-------- MATERIAL TO PROCESS

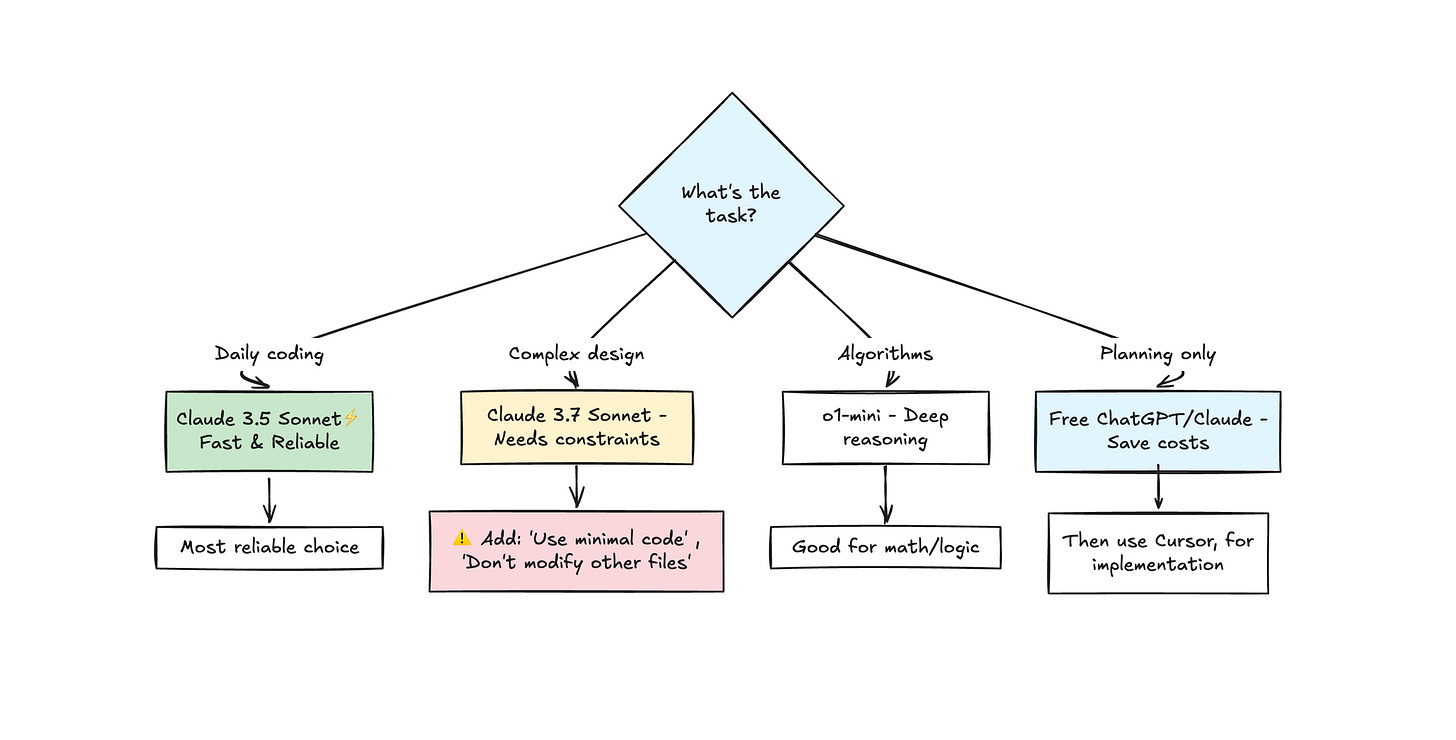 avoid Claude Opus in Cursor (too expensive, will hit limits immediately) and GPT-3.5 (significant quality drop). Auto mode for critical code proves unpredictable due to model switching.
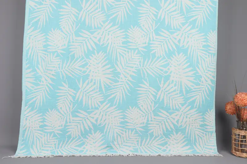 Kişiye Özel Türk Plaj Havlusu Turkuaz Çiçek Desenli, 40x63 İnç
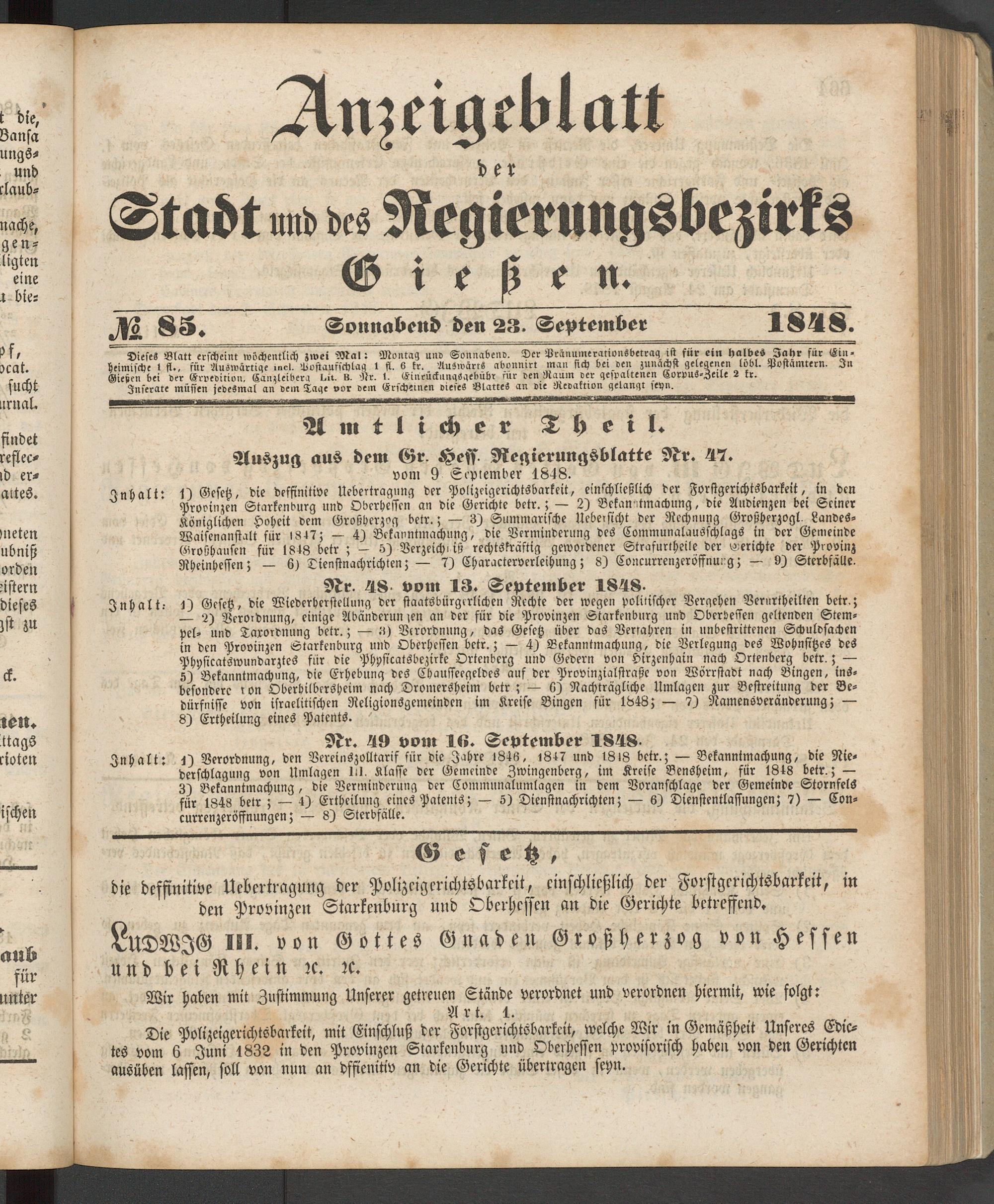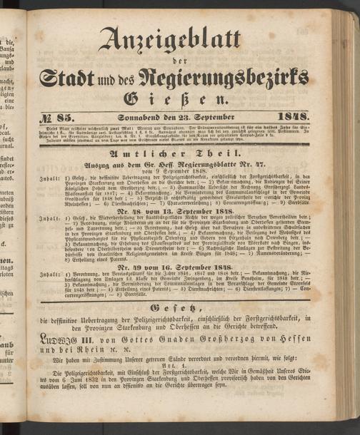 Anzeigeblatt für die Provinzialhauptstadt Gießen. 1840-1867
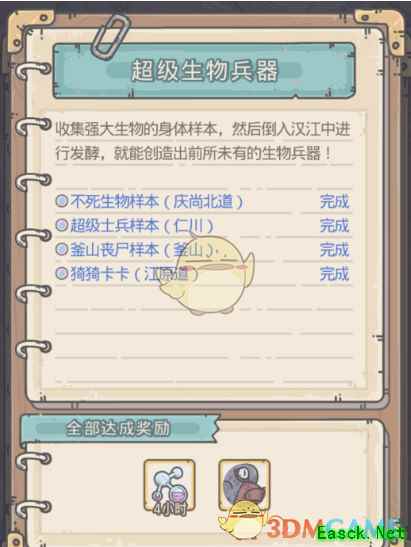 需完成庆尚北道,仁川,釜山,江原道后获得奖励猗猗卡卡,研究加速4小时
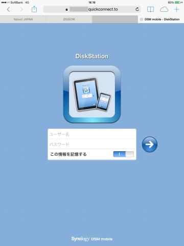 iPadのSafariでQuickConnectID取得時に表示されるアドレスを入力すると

----------------

_WHAT THE TASK REQUIRES_. Copy out, exactly and without pictures, each line from the one containing "Kişiye Özel Türk" through the final line of the entries, both ends included.

_EXPECTED ANSWER_.
 Kişiye Özel Türk Plaj Havlusu Turkuaz Çiçek Desenli, 40x63 İnç
 Anzeigeblatt für die Provinzialhauptstadt Gießen. 1840-1867
 需完成庆尚北道,仁川,釜山,江原道后获得奖励猗猗卡卡,研究加速4小时
 iPadのSafariでQuickConnectID取得時に表示されるアドレスを入力すると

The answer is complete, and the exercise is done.